Frankly, it is more of me just documenting this for the public record, and also an attempt to view Berkshire beyond more then just the valuation lens.

Recently, I sold all my small and mid-cap mutual funds so I've been thinking about where to put some of that cash. I decided to increase my weighting in Berkshire Hathaway which is now a 30% position in portfolios and placed those trades this past Friday (the bulk of the position was acquired last fall during the sell-off).

In my view, Berkshire is attractive from just about every possible angle you could view it.

IMO, Berkshire looks good from a top-down/macro/asset allocation perspective. My tactical asset allocation model has large-caps as more attractive then small-caps from both a valuation and momentum perspective (the S&P 500 has now outperformed the Russell 2000 over the past 3 and 6 months indicating a potential shift in momentum). Obviously, Berkshire is a large-cap so it is positive from that perspective.

Berkshire is also attractive in that it is a "defensive" stock. It is beyond the scope of this post, but I believe the probability that this cyclical bull market is nearing its end is increasing, and that the probability of a bear market occurring is high. Berkshire outperformed during the previous bear market of 2000-2002 and did particularly well during the horrendous year of 2002. Its huge cash position supports the notion that it should outperform in a bear market. I see it as a way to have your cake and eat it too. It is a de facto partial cash position without having to explicitly go to or raise cash levels.


1. There are numerous calculations to suggest that Berkshire is selling below its intrinsic value.

2. The current price to book ratio is still below the historical average and industry peers despite the fact that growth in book value per share is accelerating (1st half of 2006 was impressive). Historically, share price growth has tracked book value growth pretty well. From current levels, expansion in the P/B ratio seems significantly more likely then continued contraction of the past few years.

3. Excellent business and earnings momentum. 2nd quarter results were very strong.
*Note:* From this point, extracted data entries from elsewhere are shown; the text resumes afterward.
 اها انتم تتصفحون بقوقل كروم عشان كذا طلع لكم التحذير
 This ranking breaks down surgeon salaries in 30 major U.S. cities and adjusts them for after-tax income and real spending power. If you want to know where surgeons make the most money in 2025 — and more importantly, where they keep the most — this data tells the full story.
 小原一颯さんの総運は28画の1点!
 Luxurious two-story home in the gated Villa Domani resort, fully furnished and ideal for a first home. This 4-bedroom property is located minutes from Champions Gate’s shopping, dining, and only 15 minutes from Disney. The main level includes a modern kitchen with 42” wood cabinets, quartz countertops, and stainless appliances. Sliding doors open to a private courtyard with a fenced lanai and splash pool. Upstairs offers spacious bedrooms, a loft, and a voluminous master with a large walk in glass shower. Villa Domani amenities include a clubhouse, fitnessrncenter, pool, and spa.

Technicals- This is what a picture-perfect stock looks like from a technical perspective

1. Upside breakout - New 52 week and all-time highs. There should be a lack of selling pressure on the stock.
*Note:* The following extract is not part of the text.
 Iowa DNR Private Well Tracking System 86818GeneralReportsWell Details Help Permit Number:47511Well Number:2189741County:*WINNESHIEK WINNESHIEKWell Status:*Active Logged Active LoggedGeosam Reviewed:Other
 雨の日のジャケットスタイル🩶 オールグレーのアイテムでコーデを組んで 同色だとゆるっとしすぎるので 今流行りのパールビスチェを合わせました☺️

2. Clear uptrend since the bottom of last fall. Just about every long-term technical indicator is bullish.

3. Strong relative price performance - The stock has outperformed the S&P 500 over the past 3 months, 6 months, and 1 year.
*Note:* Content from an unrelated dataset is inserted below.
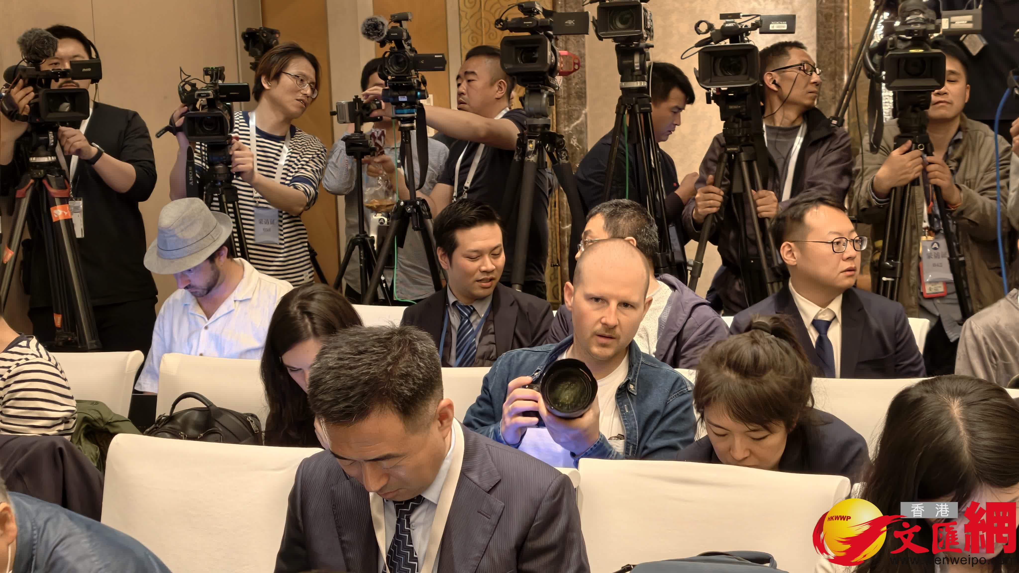 發布會預計下午兩點半開始,從一點鐘開始,已有媒體不斷前來詢問能否進場,約一點半時,發布會入口安檢處已經大排長龍,記者看到裏面不乏有外國媒體的身影,其中來自日本、美國的媒體也在隊伍前列,可見中外媒體對鄭麗文訪陸的熱度。

Sentiment and institutional factors -

1. Sell-side analysts and many institutions are still pessimistic, which from a contrarian perspective, is bullish. Potential future upgrades from the lemmings provide fuel for further upside price movement. Berkshire is under-owned in mutual fund portfolios. Their buying could drive the price upward if they begin to react to any upgrades or continued strong price performance.

2. Smart money/Strong performing mutual funds have substantial stakes in Berkshire. Fairholme has approximately 17% of its fund in Berkshire.

The primary negative is EVENT risk. Berkshire has tons of that. What if Buffett dies? How would the market react to that? What if this Hurricane season turns out horrendous and causes losses in the insurance segment? What if there are any further major scandals regarding insurance? In my view, all of these potential risks are completely overwhelmed by the positive factors.